JSON Schemas¶

Every public artifact this toolkit emits has a corresponding JSON Schema 2020-12 document. The schemas are the contract between the pipeline and any downstream consumer — an LLM agent, a CI pipeline, a custom dashboard, a data warehouse loader, or a hand-written script that reads agent_context_pack.json.

The schemas ship with the wheel under site_context_pipeline.json_schema and are loaded via a tiny stdlib helper:

from site_context_pipeline.json_schema import list_schemas, load_schema

print(list_schemas())
schema = load_schema("agent_context_pack")

The base install does not depend on jsonschema. Loading the schema is just json.loads() from the packaged file. Validation is left to whichever validator the consumer prefers (jsonschema, fastjsonschema, check-jsonschema, etc.).

Why schemas¶

Stable contract for LLM consumers. When you hand agent_context_pack.json to a model and ask it to produce a brief, the schema is what guarantees your post-processor can read the output without surprises across pipeline upgrades.
CI gating. Drop a check-jsonschema step into your downstream pipeline and fail fast when a contract violation slips through.
Self-documentation. Every field has a description; reading the schema is the fastest way to learn what the pipeline produces.
Static analysis. Tools like datamodel-code-generator can turn the schemas into typed Pydantic models, Go structs, or TypeScript interfaces.

Available schemas¶

Logical name	File	Describes
`content_inventory`	`content_inventory.schema.json`	`data/content_inventory.json`
`internal_link_graph`	`internal_link_graph.schema.json`	`data/internal_link_graph.json`
`keyword_metrics`	`keyword_metrics.schema.json`	`data/keyword_metrics.json`
`search_performance`	`search_performance.schema.json`	`data/search_performance.json`
`search_evidence`	`search_evidence.schema.json`	`data/search_evidence.json`
`agent_context_pack`	`agent_context_pack.schema.json`	`output/agent_context_pack.json`

Every schema has:

a stable $id of the form https://otshelniko.github.io/site-context-pipeline/schemas/<name>.schema.json
$schema: https://json-schema.org/draft/2020-12/schema
a title that matches the artifact's filename
a description explaining when and how the artifact is produced
inline description fields on every interesting property

Cross-schema references¶

internal_link_graph.schema.json and agent_context_pack.schema.json reference page-type and inventory definitions from content_inventory.schema.json via relative $refs. To resolve those references during validation, register every shipped schema in your validator's registry:

from jsonschema import Draft202012Validator
from referencing import Registry, Resource

from site_context_pipeline.json_schema import list_schemas, load_schema, schema_filename

registry = Registry()
for name in list_schemas():
    doc = load_schema(name)
    res = Resource.from_contents(doc)
    registry = registry.with_resource(uri=schema_filename(name), resource=res)
    registry = registry.with_resource(uri=doc["$id"], resource=res)

validator = Draft202012Validator(load_schema("agent_context_pack"), registry=registry)

import json
pack = json.loads(open("clients/demo/output/agent_context_pack.json").read())
errors = sorted(validator.iter_errors(pack), key=lambda e: list(e.absolute_path))
assert not errors, errors

This is exactly the pattern the project's own test suite uses (see tests/test_json_schemas.py).

Versioning¶

Each artifact carries a schema_version integer field (currently 1).

Backward-compatible additions (a new optional field, a new enumerated page_type, a new opportunity bucket) do not bump schema_version.

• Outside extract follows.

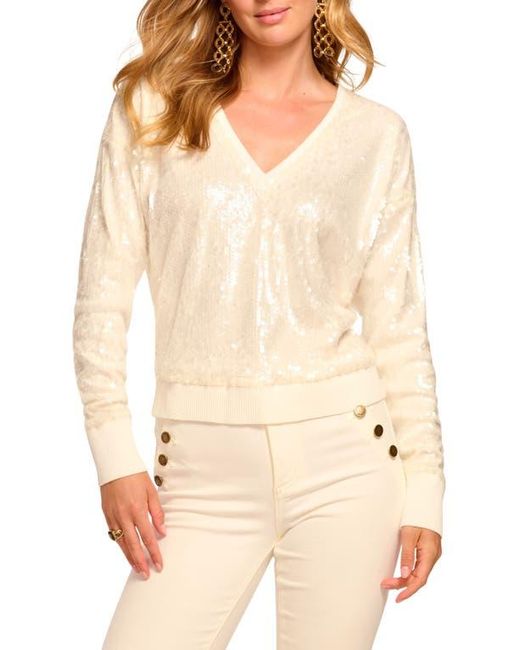 Delphina Sequin V-Neck Long Sleeve Top - Natural

The schemas use additionalProperties: true so validators built today will still pass tomorrow's artifacts.
Breaking changes (a renamed field, a removed field, a tightened type) bump schema_version to 2, and the change lands in a minor-version release of the package with a CHANGELOG entry.

Validating in CI¶

The simplest gate, using the standalone check-jsonschema CLI:

pip install check-jsonschema
check-jsonschema \
    --schemafile https://otshelniko.github.io/site-context-pipeline/schemas/agent_context_pack.schema.json \
    clients/*/output/agent_context_pack.json

For pipelines that already install this package, prefer the in-process validator from site_context_pipeline.json_schema — it never reaches the network and works in air-gapped CI runners.

Generating typed models¶

If you want typed Python models for downstream code, point datamodel-code-generator at the schemas:

pip install datamodel-code-generator
python -c "from site_context_pipeline.json_schema import load_schema; \
    import json; json.dump(load_schema('agent_context_pack'), open('pack.json', 'w'))"
datamodel-codegen --input pack.json --output pack_models.py

The same trick works for TypeScript via json-schema-to-typescript, for Go via quicktype, etc. The schemas are the canonical contract; language-specific bindings are downstream concerns and out of scope for this project.